Sorry, not sorry, but exhaustion isn't solved by surrender. It's solved by choosing things that matter, that last, that actually mean something.
Color as Resistance: What We Actually Need Right Now
The clean-girl aesthetic was always a con to me. Give me maximalism. Give me jewel tones that scream I'm still here, baby. Colors that bruise. That remember touch. That holds evidence of a life worth coloring outside of the lines.
While Pantone, Sherwin-Williams, and Benjamin Moore went neutral, other paint companies chose courage. PPG named Secret Safari, a midtone yellow-green with subtle lime undertones, as their 2026 color. Behr selected Hidden Gem, a smoky jade. Valspar chose Warm Eucalyptus, a muted green with warm undertones. These companies looked at the same cultural moment and chose vitality over surrender.
Here’s what makes me happy: Designers aren’t buying into these neutrals. They're pushing clients toward "adrenaline-fueled hues" like teal, cobalt, periwinkle, and chartreuse—often balanced with grounded counterparts. Their favorite combinations include satin periwinkle and velvet chocolate, high gloss chartreuse and matte baby blue, matte tangerine and metallic moss.

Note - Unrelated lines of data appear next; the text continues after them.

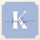 Dessa enkla, ljusblå biljett-formade pappra underlägg med elegant i det första namnen i ett typsnitt av trendiget i marint blått som skrivs över ditt första ursprungliga typsnitt i ett modernt typsnitt i vitt är perfekt för att hålla bord och räknare fria från vatten ringar. De absorberar droppar så att du inte behöver oroa dig när du roar dig eller njuter av en drink. De är snyggt och trendig och ändå väldigt klassiska.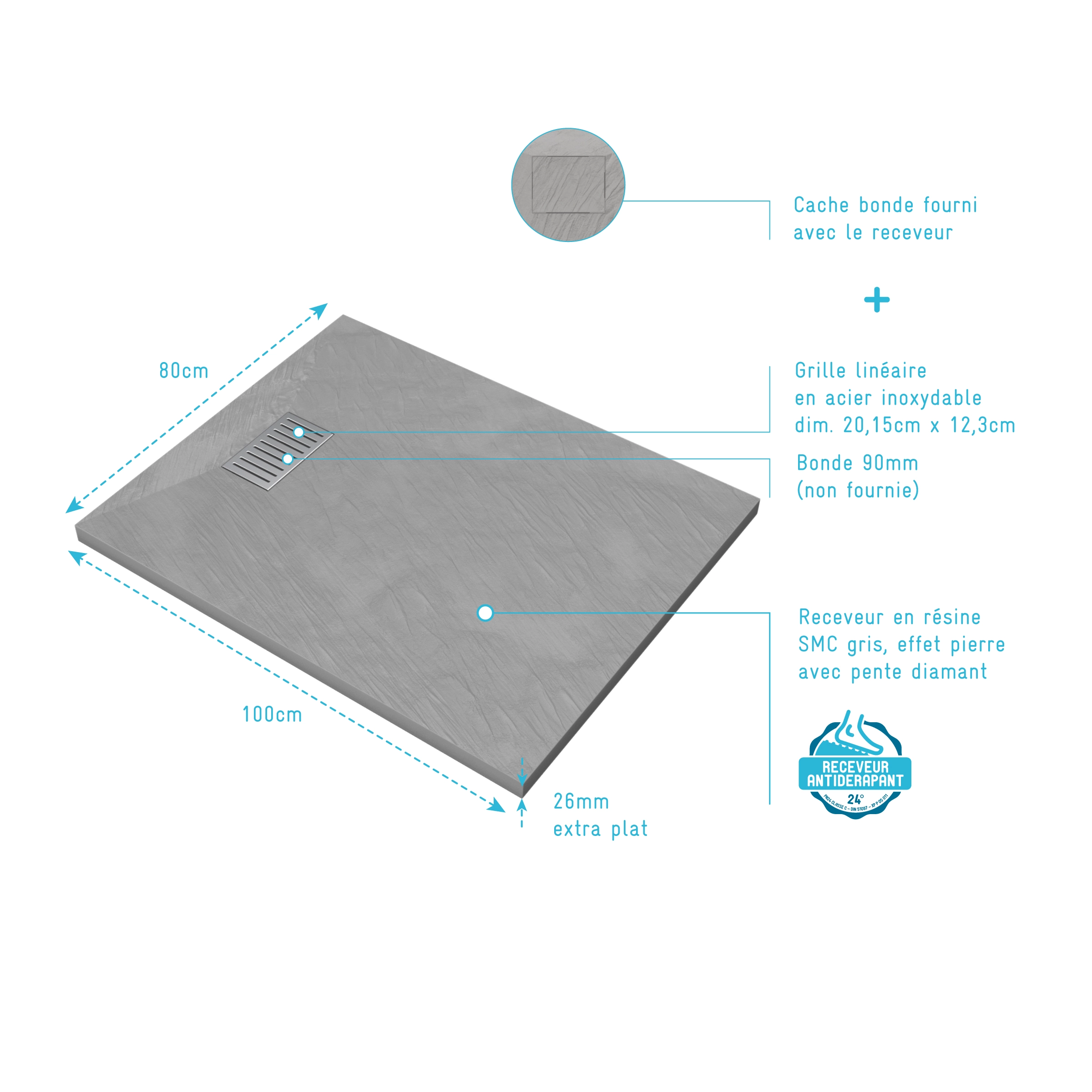 Receveur de douche Gris Effet Pierre 80×100 cm et Grille décor Linéaire en Inox
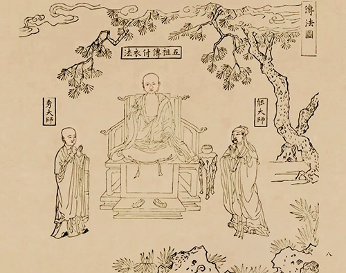 圖:五祖弘忍法衣付傳圖 (右為慧能大師,左為神秀大師)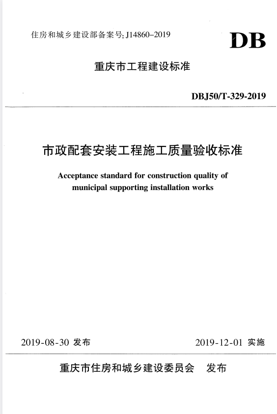 标准介绍:DBJ50/T 329-2019 市政配套安装工程施工质量验收标准l0j免费标准库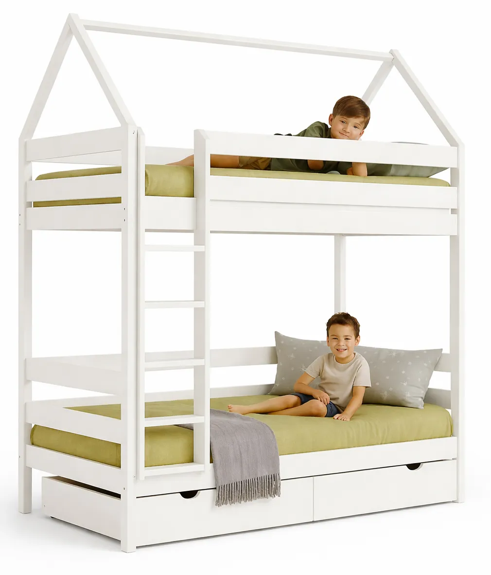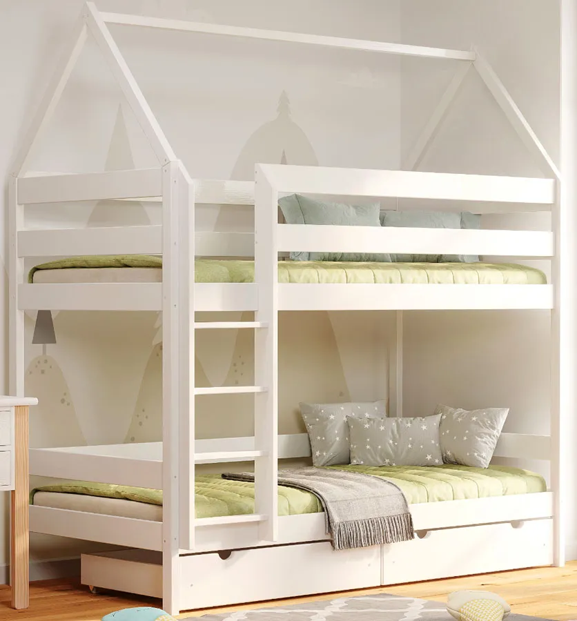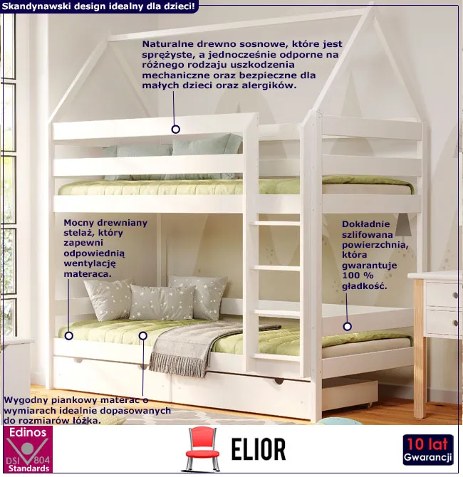 Dotyczy: Piętrowe łóżko domek z szufladą do sypialni dziecięcej, sosna - Delisa 4X 180x90 cm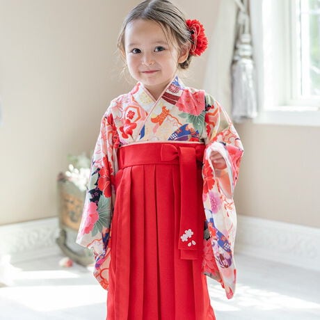 袴のリボンは縫い付け済みでほどけません。結ぶ手間も着崩れもないので、元気いっぱい動いてもOK!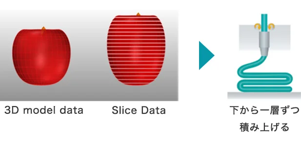 3Dプリンター(正式名称:Additive manufacturing)とは、3Dモデルデータを基に、材料を結合して造形物を実体化する加工法です。多くの場合は、造形層を積み重ねる形態をとっており、図のように、3Dモデルデータをスライスデータと呼ばれる一定間隔の断層データに加工し、そのデータをもとに、一層ずつ材料を"くっつける"ことを繰り返すことで、造形物ができあがります。
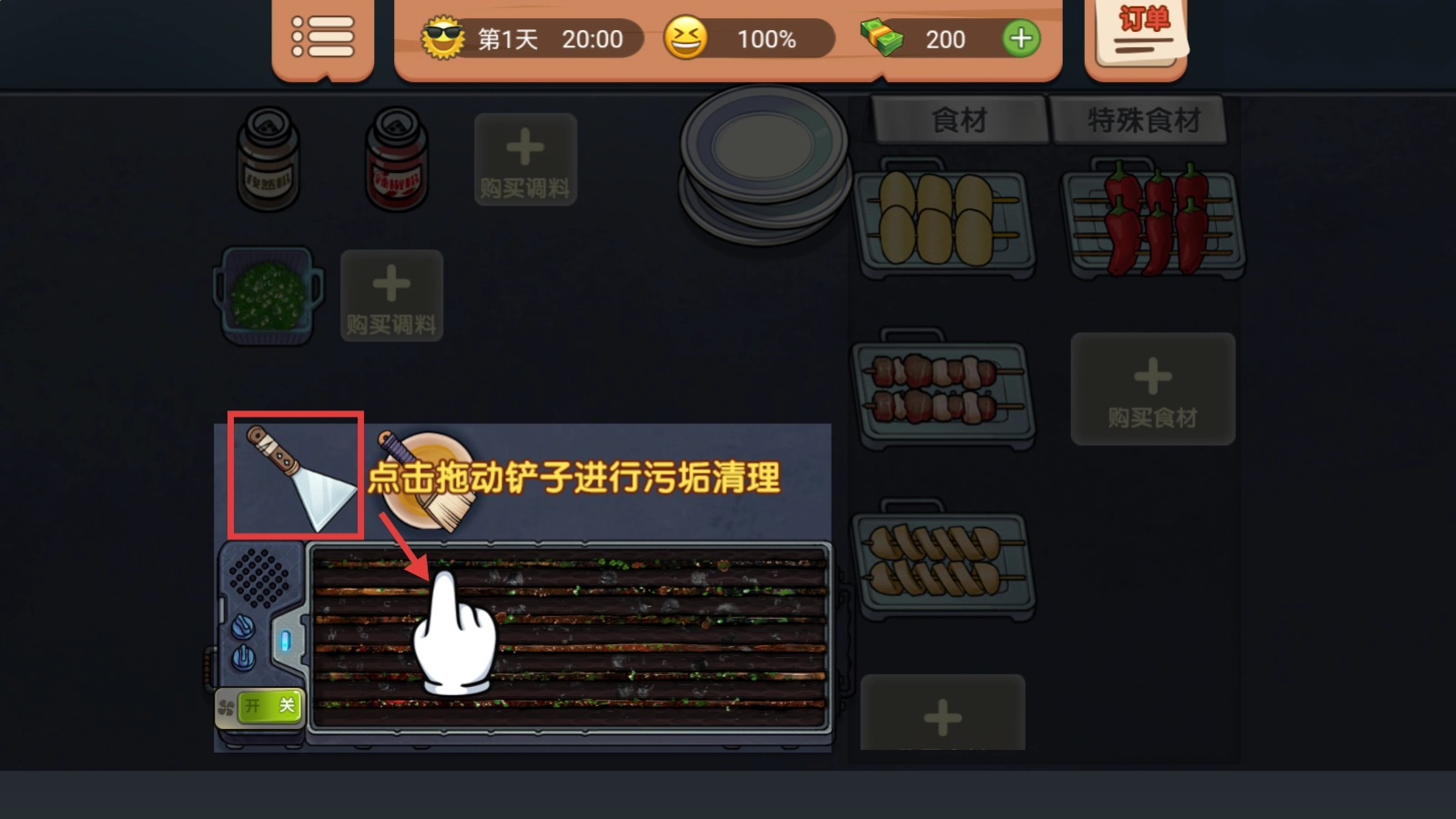 1、我们先点击并拖动【铲子】,清理掉烧烤架上的污垢,把烤架弄干净,这样才能开始烹饪哦。

I'm no color expert, but I do believe Pantone, Sherwin-Williams, and Benjamin Moore are missing the point and the moment.
Color is a declaration. It's how we announce ourselves to a world that would prefer we stayed quiet. Cloud Dancer, Universal Khaki, and Silhouette are what you choose when you've decided your walls should never make anyone uncomfortable—especially not the people who benefit from your silence.
The Politics of Paint in Rooms Where Power Lives
Walls are witnesses. They hold what happens inside them. They absorb the life lived against them. They remember what we'd rather paint over.
While our democracy buckles in rooms coated in the safest shade money can buy, the walls are still watching. Walls are not neutral. They absorb what unfolds inside them. They keep the truth long after the people in power have left the room.
You can paint them Cloud Dancer, Universal Khaki, or Silhouette and try to normalize it, but we won't forget. We never do.
Here's what I know about white heading into a time of rising darkness: It's not purity. It's the luxury of pretending nothing is burning while everyone else chokes on the smoke. They want you beige. They want you blank. They want you to believe that the answer to chaos is to fade into your walls like expensive wallpaper that costs $80 a gallon.
Give Me Colors That Bleed: Why Emotionally Charged Color Matters in a Crisis
Give me the color of rage aged in oak barrels. Of joy so defiant it borders on obscene. Of survival that sparkles because it refuses to dim for anyone's comfort.
Because if you're going to choose a Color of the Year in times like these, choose something with a pulse. Choose something that bleeds passion. Opt for something that means something. Say yes to something that says: "Let's rock and fucking roll."
Some of us can't afford to be clouds. Some of us have to be lightning: the kind that leaves marks, the kind that starts fires.
And maybe that's the real problem with all three of these colors: they don't dance, they don't strike, they don't even speak. They just... exist. Quietly. Politely. Making sure no one has to feel anything too intensely.
2026 Deserves Color With a Pulse
Next year, Pantone? Sherwin-Williams? Benjamin Moore? Choose color like the world depends on it. Because right now, it does.
Choose a color that wakes people up instead of lulling them to sleep. Choose hues that challenge instead of comfort. Choose shades that demand we show up fully instead of helping us disappear.
The world doesn't need more neutrality right now. The world needs people who refuse to be beige. Who insist on being seen. Who understands that in times of darkness, the most radical thing you can do is choose to be undeniably, unapologetically, impossibly alive.
And that, my friends, doesn't come in the form of any of these 2026 Color of the Year choices. Not Cloud Dancer. Not Universal Khaki. Not Silhouette.